■ WHAT IS EXPECTED
In the entries below, find the line with "This is a 2022" and the line with "La palette de". Repeat exactly everything between them, those two lines included, but not the pictures.

[[ INPUT RECORDS open ]]

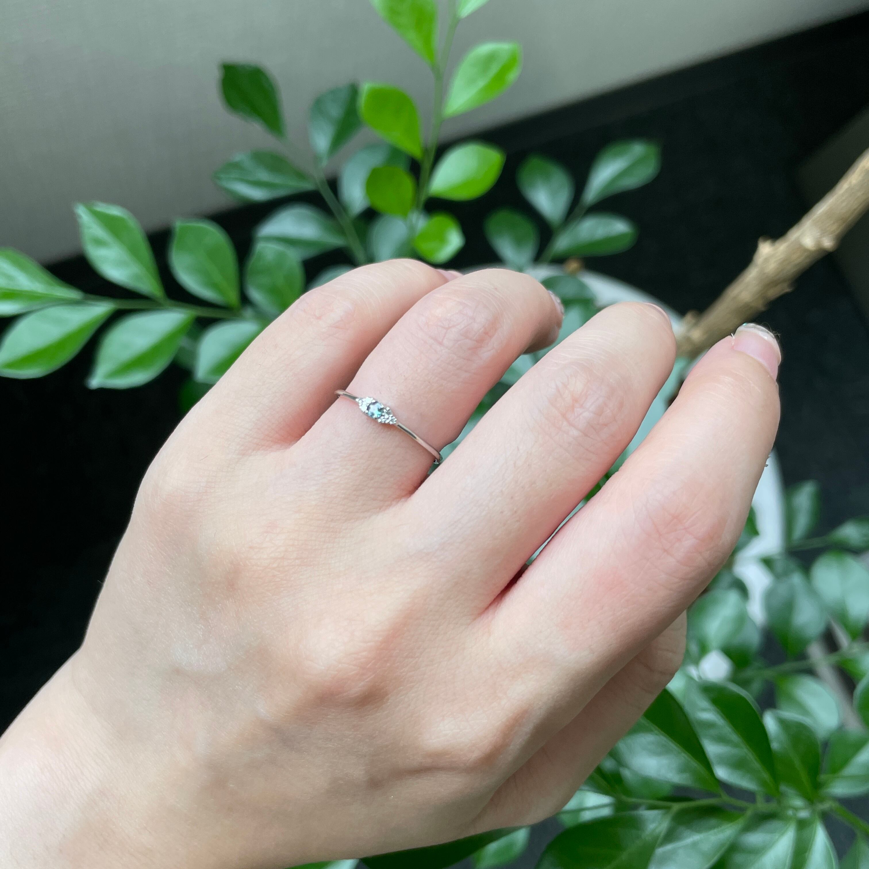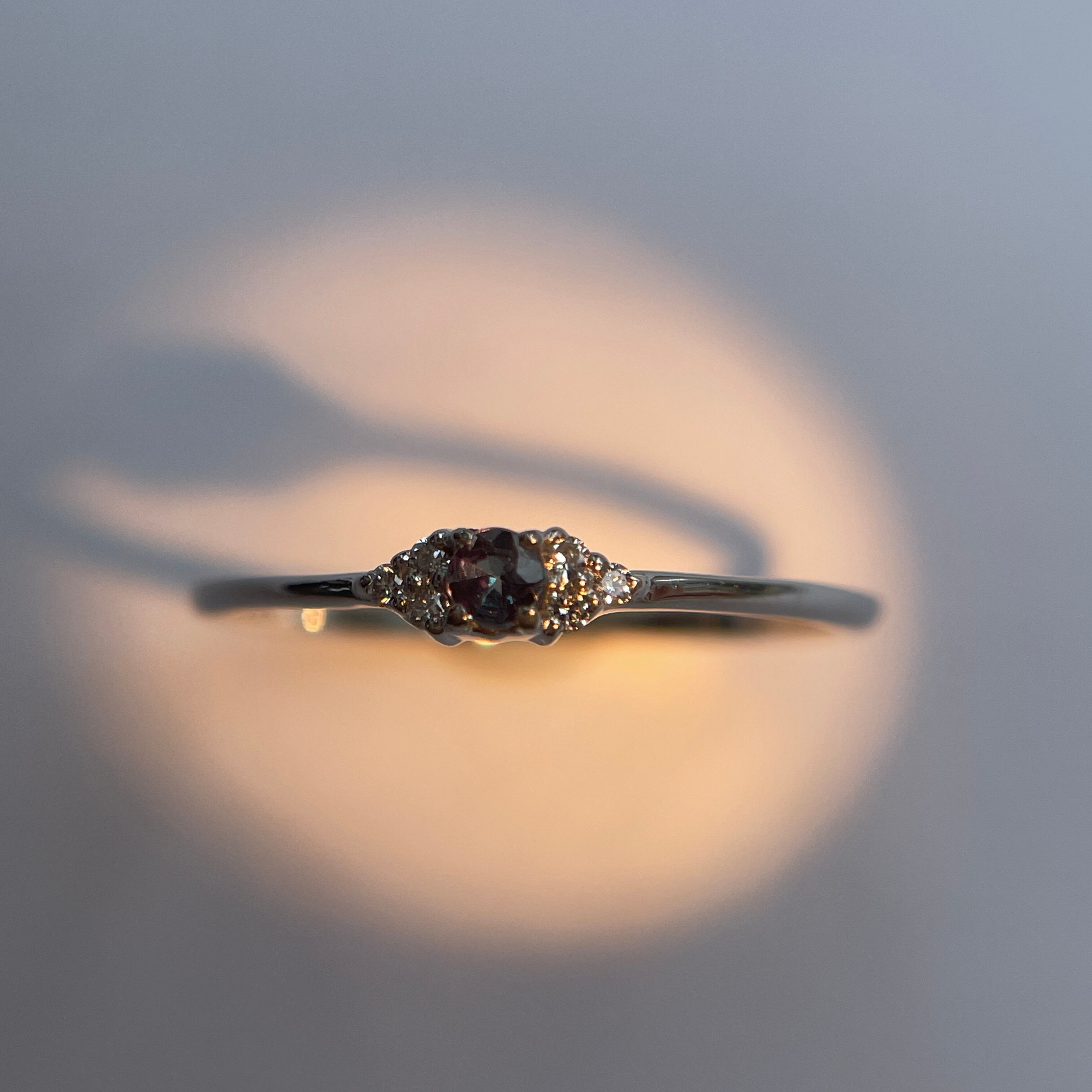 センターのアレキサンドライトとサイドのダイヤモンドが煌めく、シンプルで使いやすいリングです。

[[ INPUT RECORDS closed ]]
[[ INPUT RECORDS open ]]

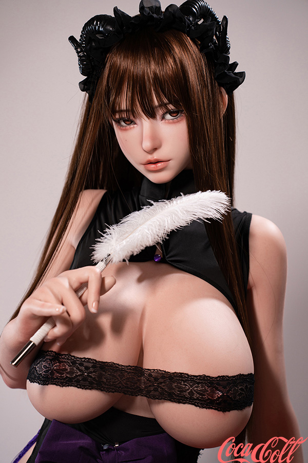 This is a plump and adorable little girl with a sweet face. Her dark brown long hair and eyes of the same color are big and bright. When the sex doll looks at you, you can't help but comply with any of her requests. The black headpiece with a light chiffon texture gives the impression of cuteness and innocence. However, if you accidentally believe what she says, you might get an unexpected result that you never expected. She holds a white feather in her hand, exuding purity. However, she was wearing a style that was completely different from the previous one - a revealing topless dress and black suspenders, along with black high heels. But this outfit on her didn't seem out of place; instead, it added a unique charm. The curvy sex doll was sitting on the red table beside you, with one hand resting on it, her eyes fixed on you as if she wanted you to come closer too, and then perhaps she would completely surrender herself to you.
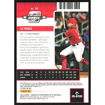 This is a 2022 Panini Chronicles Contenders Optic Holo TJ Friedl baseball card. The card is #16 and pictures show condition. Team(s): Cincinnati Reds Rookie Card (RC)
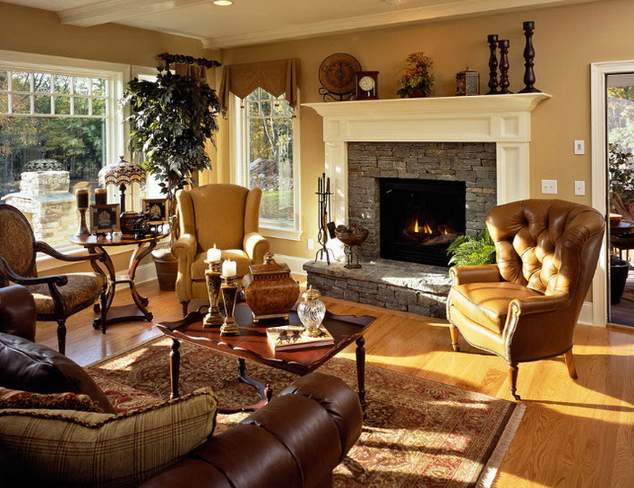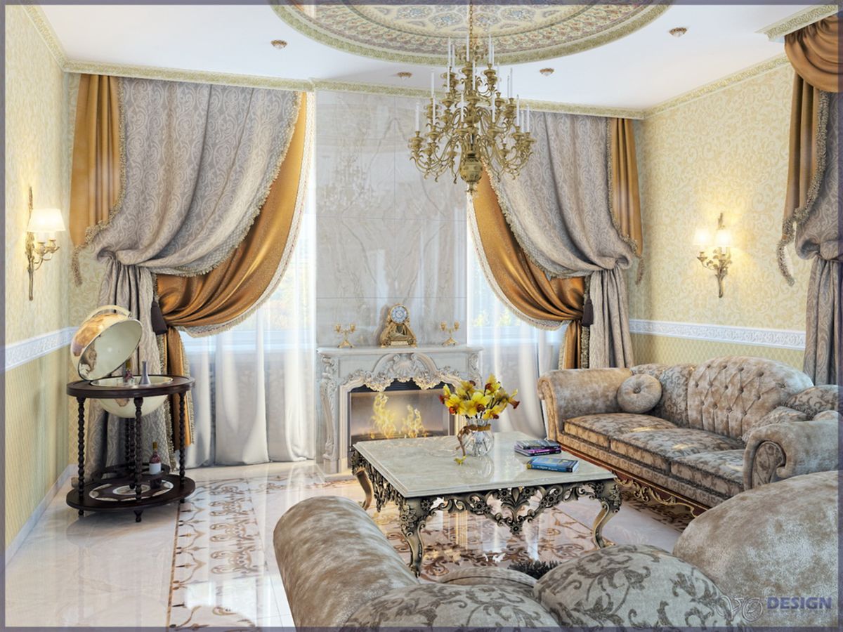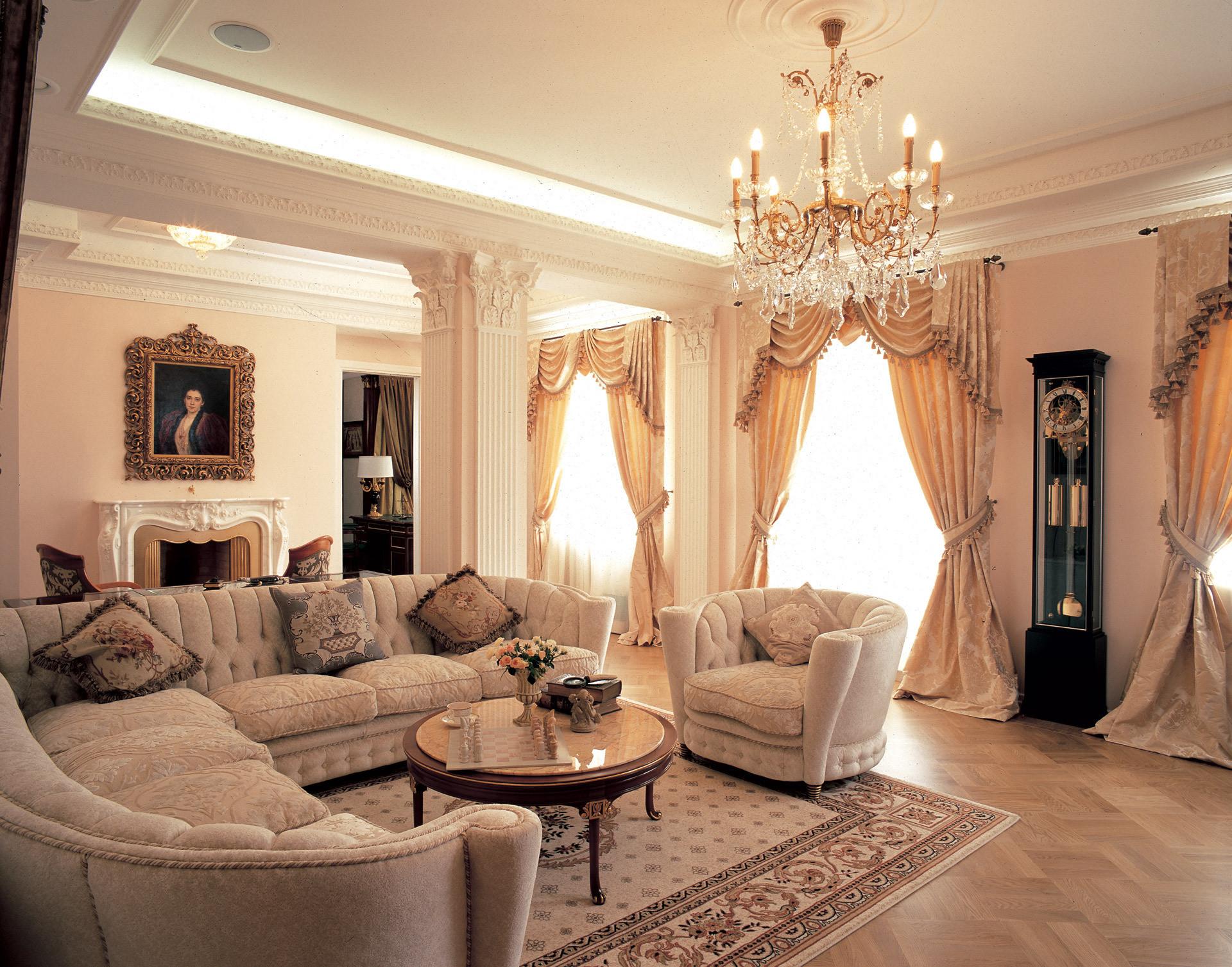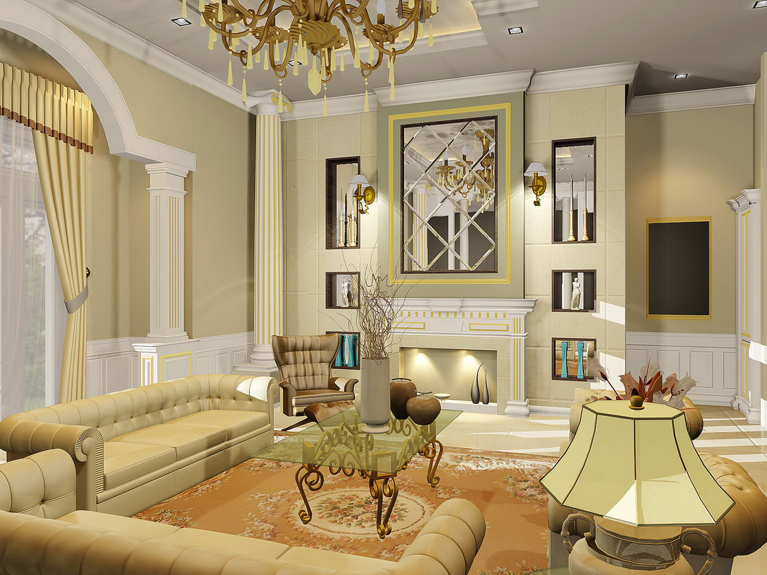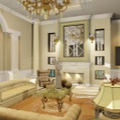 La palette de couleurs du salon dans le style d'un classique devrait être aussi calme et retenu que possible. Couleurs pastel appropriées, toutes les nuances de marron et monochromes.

[[ INPUT RECORDS closed ]]

■ RESULT
 This is a 2022 Panini Chronicles Contenders Optic Holo TJ Friedl baseball card. The card is #16 and pictures show condition. Team(s): Cincinnati Reds Rookie Card (RC)
 La palette de couleurs du salon dans le style d'un classique devrait être aussi calme et retenu que possible. Couleurs pastel appropriées, toutes les nuances de marron et monochromes.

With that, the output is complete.